INPUT Start Marker

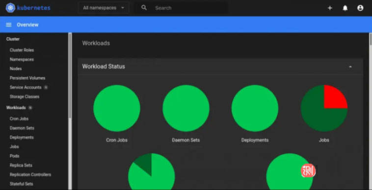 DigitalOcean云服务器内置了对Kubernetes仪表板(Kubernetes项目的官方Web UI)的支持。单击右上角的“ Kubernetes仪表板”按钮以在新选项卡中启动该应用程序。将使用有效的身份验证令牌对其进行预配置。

INPUT End Marker
INPUT Start Marker

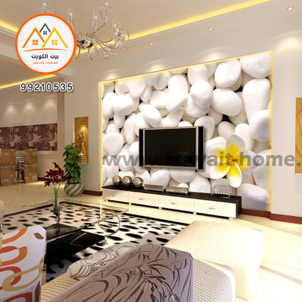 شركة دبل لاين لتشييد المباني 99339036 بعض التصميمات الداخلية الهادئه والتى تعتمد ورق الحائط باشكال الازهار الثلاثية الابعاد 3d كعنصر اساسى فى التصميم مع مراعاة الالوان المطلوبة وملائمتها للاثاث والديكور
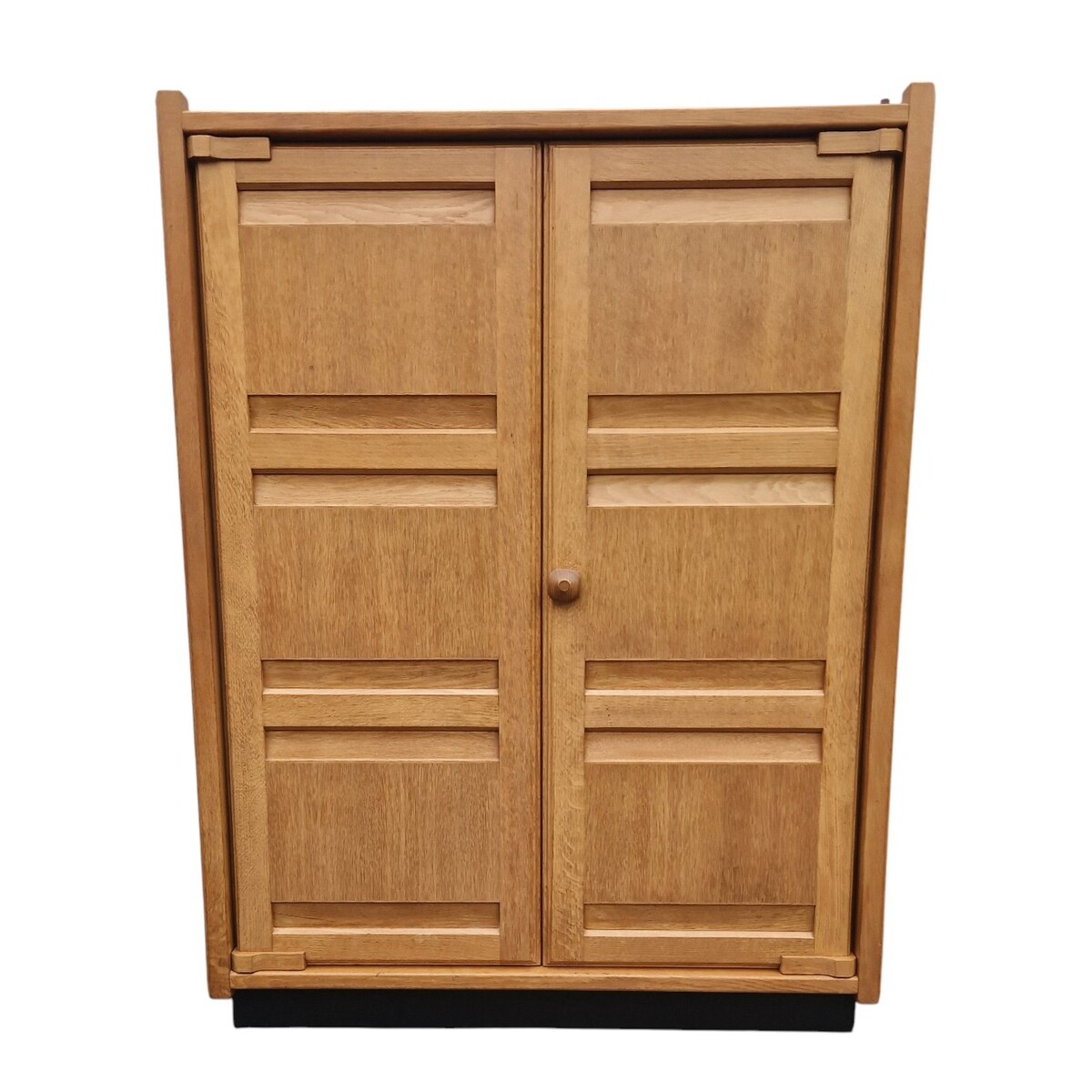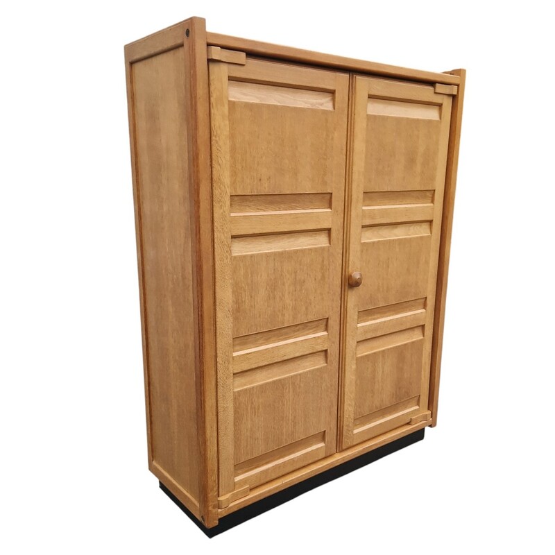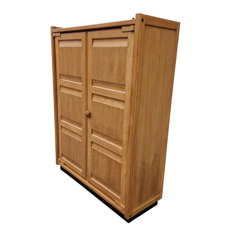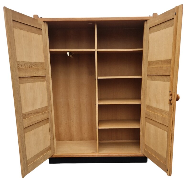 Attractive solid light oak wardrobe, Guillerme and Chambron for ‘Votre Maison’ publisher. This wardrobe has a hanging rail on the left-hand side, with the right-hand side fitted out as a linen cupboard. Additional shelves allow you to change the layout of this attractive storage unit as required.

INPUT End Marker

Could you repeat, exactly, only the lines above starting at the one that has "شركة دبل لاين" and stopping after the one that has "Attractive solid light", without the pictures?

__SOLUTION FOR THIS TASK__
 شركة دبل لاين لتشييد المباني 99339036 بعض التصميمات الداخلية الهادئه والتى تعتمد ورق الحائط باشكال الازهار الثلاثية الابعاد 3d كعنصر اساسى فى التصميم مع مراعاة الالوان المطلوبة وملائمتها للاثاث والديكور
 Attractive solid light oak wardrobe, Guillerme and Chambron for ‘Votre Maison’ publisher. This wardrobe has a hanging rail on the left-hand side, with the right-hand side fitted out as a linen cupboard. Additional shelves allow you to change the layout of this attractive storage unit as required.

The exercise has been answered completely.